Voorts is gebleken dat [appellant 1] middellijk bestuurder was van Shudy B.V. die bij vonnis van 20 mei failliet is verklaard. [appellant 1] is bij vonnis van 28 september 2011 veroordeeld in het faillissementstekort van tenminste € 84.365,77. Deze vordering is niet vermeld op de lijst ex artikel 285 Fw. [appellant 1] heeft die wel opgegeven bij de schuldhulpverlening, maar het is hem als gevolg van zijn psychische problemen niet opgevallen dat de vordering niet op de lijst vermeld was.

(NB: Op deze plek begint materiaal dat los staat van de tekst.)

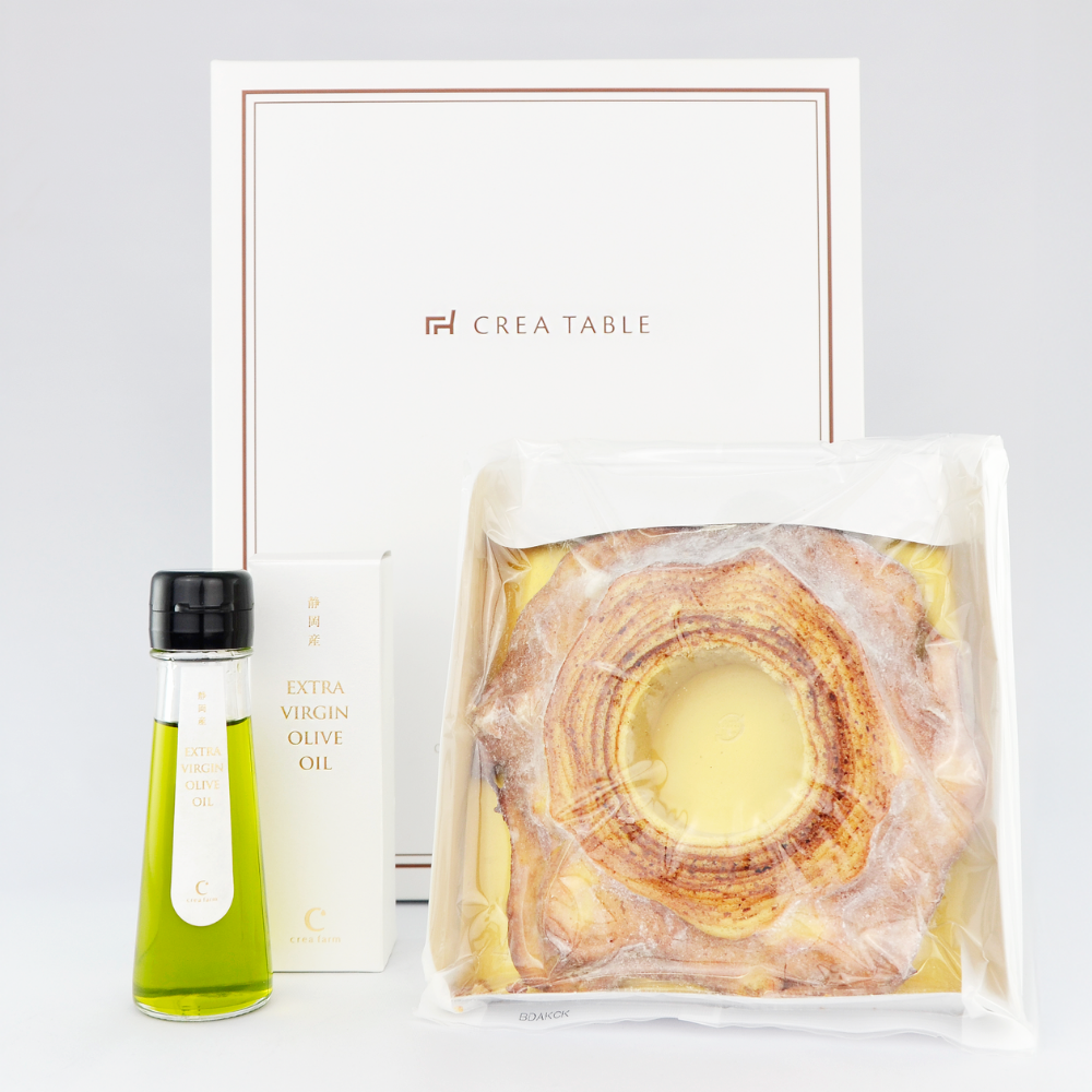 crea farmが静岡の自社農園で栽培から搾油まで一貫して生産した、フレッシュで香り高いエキストラバージンオリーブオイルと、オリーブを食べて育った鶏の卵を使用したバームクーヘンをセットにしました。オリーブオイルをバームクーヘンにつけて食べる、新しい楽しみ方を体験してみてください。オリーブオイルの豊かな香りと甘さが絶妙にマッチし、上品で奥深い味わいが広がります。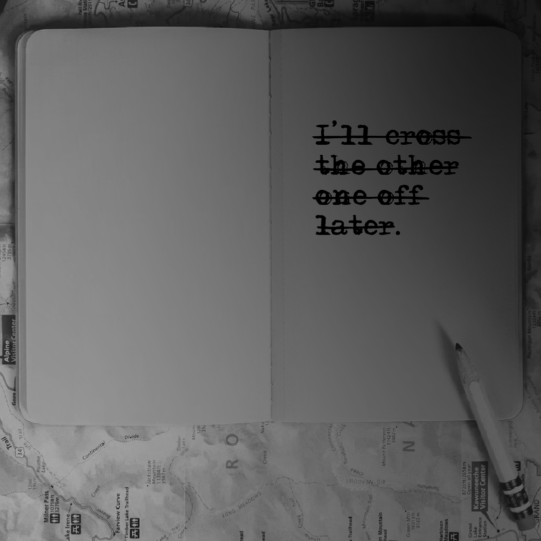 “I’ll cross the other one off later.” Background image by Clay Banks on Unsplash.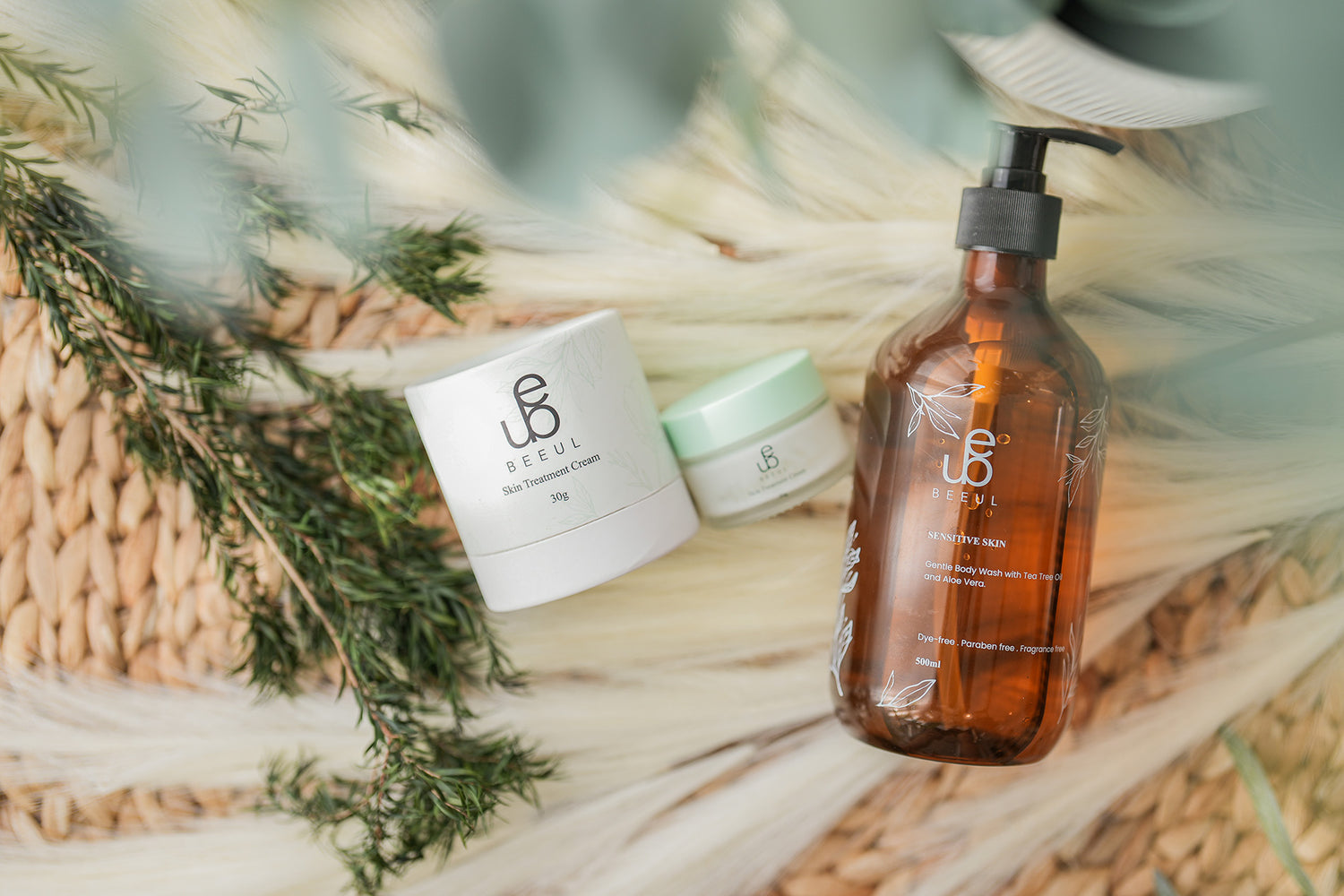 Start your routine with our deeply hydrating body wash infused with tea tree oil and aloe vera to lock in moisture and protect your sensitive skin all day long.

De rechtbank is van oordeel dat er feiten en omstandigheden bekend zijn geworden die op het moment van toelating bestonden en, indien destijds bekend, reden zouden zijn geweest het verzoek af te wijzen. Daarbij is de rechtbank van oordeel dat de datum van het vonnis, 28 september 2011, bepalend is voor de beoordeling van de vijfjaarstermijn. De rechtbank heeft het [appellant 1] ernstig aangerekend dat hij het bestaan van deze vordering niet heeft gemeld. Dat dit te wijten is aan zijn psychische toestand is niet aangetoond. De rechtbank acht het niet aannemelijk dat [appellant 1] zou zijn toegelaten tot de regeling op grond van de hardheidsclausule.